**Your objective:** Return the material exactly, first line through the line containing "华安证券:天下秀(600556)-拥抱行业增长红利,龙头价值凸显.pdf", and nothing more. Pictures stay out.
==== Provided data
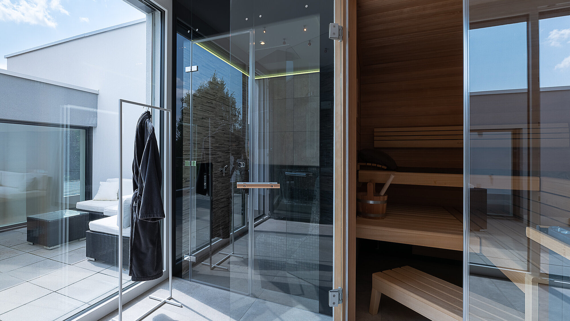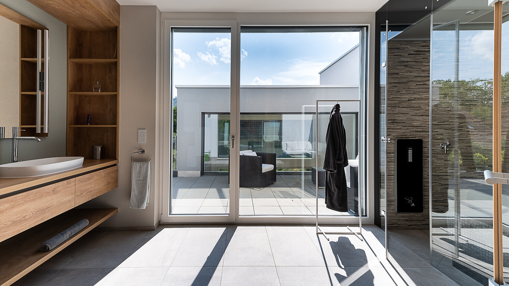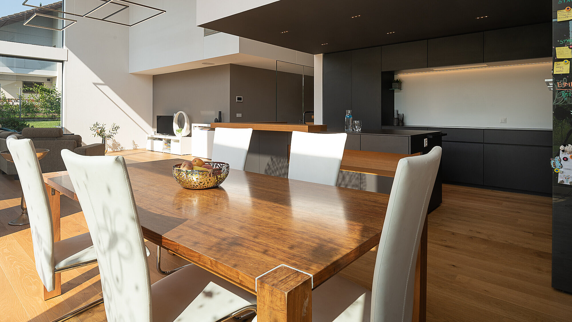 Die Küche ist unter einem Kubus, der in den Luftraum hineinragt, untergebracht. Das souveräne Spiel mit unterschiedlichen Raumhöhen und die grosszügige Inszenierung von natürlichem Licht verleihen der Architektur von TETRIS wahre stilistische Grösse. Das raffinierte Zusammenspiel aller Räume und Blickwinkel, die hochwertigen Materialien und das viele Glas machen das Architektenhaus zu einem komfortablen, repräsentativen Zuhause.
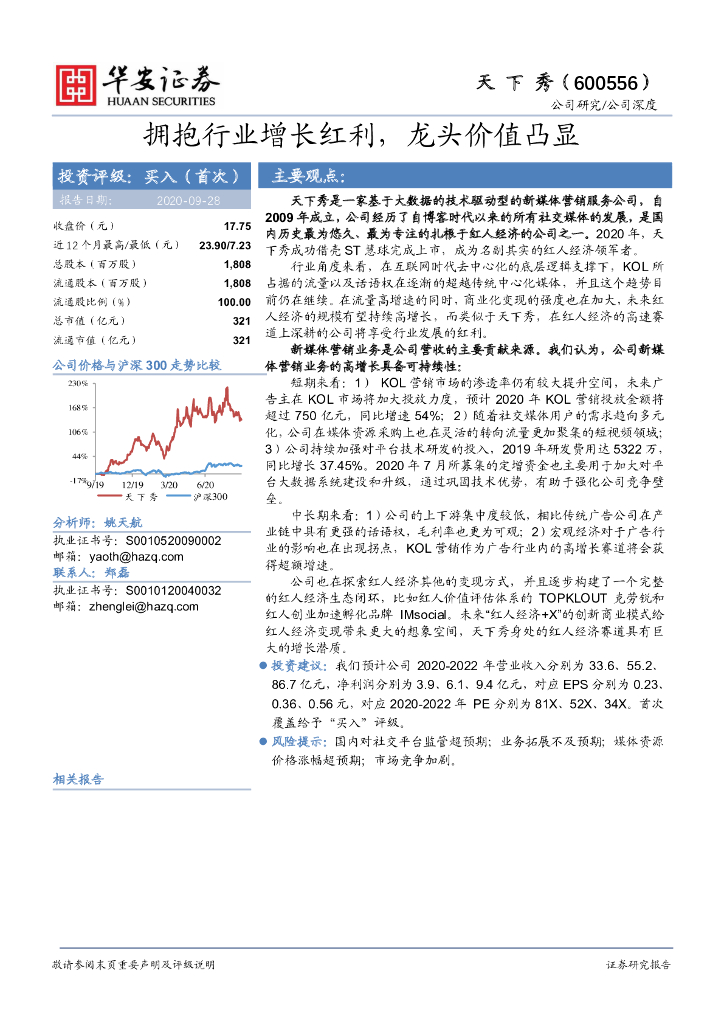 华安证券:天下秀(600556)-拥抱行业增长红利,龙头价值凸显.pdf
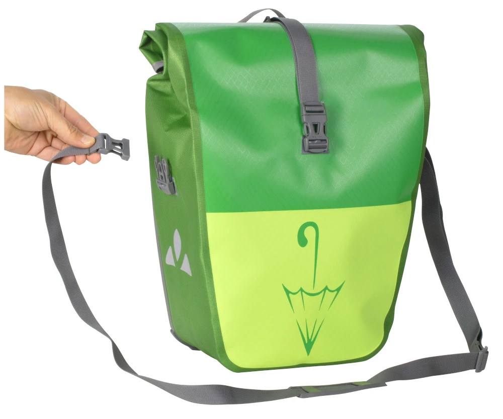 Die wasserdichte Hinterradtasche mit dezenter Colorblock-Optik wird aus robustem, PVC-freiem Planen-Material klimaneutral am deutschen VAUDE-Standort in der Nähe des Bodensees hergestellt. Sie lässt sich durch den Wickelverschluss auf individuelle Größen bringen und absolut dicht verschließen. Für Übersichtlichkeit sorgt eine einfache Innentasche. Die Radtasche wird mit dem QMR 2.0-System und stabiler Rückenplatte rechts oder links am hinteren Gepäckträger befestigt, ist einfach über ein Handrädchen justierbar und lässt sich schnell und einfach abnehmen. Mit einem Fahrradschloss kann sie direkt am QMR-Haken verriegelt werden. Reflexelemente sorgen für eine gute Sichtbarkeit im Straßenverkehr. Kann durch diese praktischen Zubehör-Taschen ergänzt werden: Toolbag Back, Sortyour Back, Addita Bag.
========
**Your response:**
 Die Küche ist unter einem Kubus, der in den Luftraum hineinragt, untergebracht. Das souveräne Spiel mit unterschiedlichen Raumhöhen und die grosszügige Inszenierung von natürlichem Licht verleihen der Architektur von TETRIS wahre stilistische Grösse. Das raffinierte Zusammenspiel aller Räume und Blickwinkel, die hochwertigen Materialien und das viele Glas machen das Architektenhaus zu einem komfortablen, repräsentativen Zuhause.
 华安证券:天下秀(600556)-拥抱行业增长红利,龙头价值凸显.pdf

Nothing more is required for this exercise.